I work hard, buy quality clothes and know how to fake my way through dinner-party conversations. But behind the scenes, I’m part of a fast-growing Canadian underclass.

- Jeni Gunn

Confessions of the Working Poor

It’s Saturday, just before dawn. As I ascend toward wakefulness, I hear a rhythmic thump-thumping from the floor beside my bed. It’s my black Labrador retriever, Shelby, politely wagging her tail. I cross my bedroom and stub my toe on a wooden hexagonal end table that I found at the side of the road a few days earlier. A month ago, that spot was occupied by a free bookshelf.
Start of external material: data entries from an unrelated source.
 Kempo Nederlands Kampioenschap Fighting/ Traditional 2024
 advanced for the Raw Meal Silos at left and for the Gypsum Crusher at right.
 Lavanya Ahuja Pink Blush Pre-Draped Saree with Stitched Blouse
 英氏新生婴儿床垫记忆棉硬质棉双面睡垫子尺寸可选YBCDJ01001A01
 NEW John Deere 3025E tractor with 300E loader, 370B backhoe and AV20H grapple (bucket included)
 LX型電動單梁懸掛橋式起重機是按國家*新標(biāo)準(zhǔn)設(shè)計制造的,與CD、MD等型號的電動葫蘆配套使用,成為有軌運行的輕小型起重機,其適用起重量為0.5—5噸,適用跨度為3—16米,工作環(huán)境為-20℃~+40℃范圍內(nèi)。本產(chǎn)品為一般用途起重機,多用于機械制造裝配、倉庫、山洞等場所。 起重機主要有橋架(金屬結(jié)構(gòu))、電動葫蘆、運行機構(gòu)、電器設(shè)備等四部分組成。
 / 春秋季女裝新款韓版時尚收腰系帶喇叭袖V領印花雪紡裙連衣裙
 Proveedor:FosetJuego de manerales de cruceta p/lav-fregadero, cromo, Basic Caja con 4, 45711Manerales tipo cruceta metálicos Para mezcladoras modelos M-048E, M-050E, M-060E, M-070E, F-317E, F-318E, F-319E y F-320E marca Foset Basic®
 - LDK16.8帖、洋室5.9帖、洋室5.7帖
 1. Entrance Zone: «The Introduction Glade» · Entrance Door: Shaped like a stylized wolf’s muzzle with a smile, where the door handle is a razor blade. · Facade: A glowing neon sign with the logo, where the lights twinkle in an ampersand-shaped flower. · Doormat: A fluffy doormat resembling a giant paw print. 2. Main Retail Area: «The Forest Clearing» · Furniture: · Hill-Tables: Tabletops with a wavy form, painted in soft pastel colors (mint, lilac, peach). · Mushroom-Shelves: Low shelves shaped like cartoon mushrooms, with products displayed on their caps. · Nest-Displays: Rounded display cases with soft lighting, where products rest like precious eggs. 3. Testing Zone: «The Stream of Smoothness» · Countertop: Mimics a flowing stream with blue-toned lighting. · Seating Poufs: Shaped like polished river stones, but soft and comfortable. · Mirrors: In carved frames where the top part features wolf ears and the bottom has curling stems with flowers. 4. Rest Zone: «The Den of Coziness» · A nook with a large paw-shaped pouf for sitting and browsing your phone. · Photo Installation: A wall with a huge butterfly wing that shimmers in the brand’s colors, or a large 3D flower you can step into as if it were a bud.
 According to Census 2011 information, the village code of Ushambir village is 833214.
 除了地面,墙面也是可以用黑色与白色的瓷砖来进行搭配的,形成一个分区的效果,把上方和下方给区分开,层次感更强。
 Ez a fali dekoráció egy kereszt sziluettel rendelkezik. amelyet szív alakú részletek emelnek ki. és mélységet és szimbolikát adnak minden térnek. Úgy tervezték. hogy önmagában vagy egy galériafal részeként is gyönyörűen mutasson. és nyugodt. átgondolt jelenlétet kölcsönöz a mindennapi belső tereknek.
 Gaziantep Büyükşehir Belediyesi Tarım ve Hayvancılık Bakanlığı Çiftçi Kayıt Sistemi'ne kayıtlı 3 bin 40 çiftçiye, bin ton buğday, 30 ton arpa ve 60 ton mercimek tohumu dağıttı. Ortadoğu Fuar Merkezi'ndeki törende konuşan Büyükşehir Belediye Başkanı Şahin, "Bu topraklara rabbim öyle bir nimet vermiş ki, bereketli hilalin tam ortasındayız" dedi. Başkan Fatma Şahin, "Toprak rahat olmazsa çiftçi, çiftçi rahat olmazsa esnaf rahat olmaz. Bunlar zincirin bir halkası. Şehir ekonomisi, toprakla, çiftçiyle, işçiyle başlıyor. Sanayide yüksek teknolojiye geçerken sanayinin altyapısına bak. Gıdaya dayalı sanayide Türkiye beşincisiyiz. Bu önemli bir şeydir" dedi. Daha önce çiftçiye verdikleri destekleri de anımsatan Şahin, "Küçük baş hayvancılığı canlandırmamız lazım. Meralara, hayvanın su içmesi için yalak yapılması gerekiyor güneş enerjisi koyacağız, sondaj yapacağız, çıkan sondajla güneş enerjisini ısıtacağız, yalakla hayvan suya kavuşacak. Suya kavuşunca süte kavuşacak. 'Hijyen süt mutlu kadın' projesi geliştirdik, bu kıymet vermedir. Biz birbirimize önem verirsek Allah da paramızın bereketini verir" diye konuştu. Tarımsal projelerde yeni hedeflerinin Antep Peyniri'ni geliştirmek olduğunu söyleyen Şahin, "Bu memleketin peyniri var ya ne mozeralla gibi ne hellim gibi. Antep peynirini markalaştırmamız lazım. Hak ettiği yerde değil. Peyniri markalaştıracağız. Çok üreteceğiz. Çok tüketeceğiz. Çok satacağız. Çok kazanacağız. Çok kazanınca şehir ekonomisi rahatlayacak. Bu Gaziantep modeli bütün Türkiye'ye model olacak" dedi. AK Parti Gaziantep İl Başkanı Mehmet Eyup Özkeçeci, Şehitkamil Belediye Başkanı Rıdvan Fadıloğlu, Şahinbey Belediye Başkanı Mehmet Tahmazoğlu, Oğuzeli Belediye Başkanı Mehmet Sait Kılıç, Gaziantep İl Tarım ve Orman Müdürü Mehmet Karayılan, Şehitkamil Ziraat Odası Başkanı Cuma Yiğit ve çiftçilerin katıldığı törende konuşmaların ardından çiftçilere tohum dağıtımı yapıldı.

Before that, a free child’s desk. When I can afford to buy paint, I'll sand the table, paint it and sell it for $45.

I think about my garden project. My basement suite in Victoria, B.C., has a small outdoor space; the homeowners say I can do whatever I want with it. What I want is to grow beans, tomatoes and strawberries, but my collection of donated planters sits empty because I can’t afford soil. Dirt is not in my budget. Officially, only 10 per cent of Canadians are considered poor. But if you measure poverty not just by income but by standard of living, the number rises to roughly 25 per cent—about 10 million people.

I hop in the shower. My mind is already racing: I have a few more weeks left on my contract as an emergency-management coordinator for a community organization, and I need to put the final touches on their evacuation plan. Surveillance for a private-investigation client starts at noon. If there's time, I'll squeeze in a quick landscaping job. Wait, is Tiffany's potluck tonight? It is. That $75 invoice for a real estate blog post hasn't come in. I make a mental note to send an email to the realtor. This means I can't swing a potluck item right now.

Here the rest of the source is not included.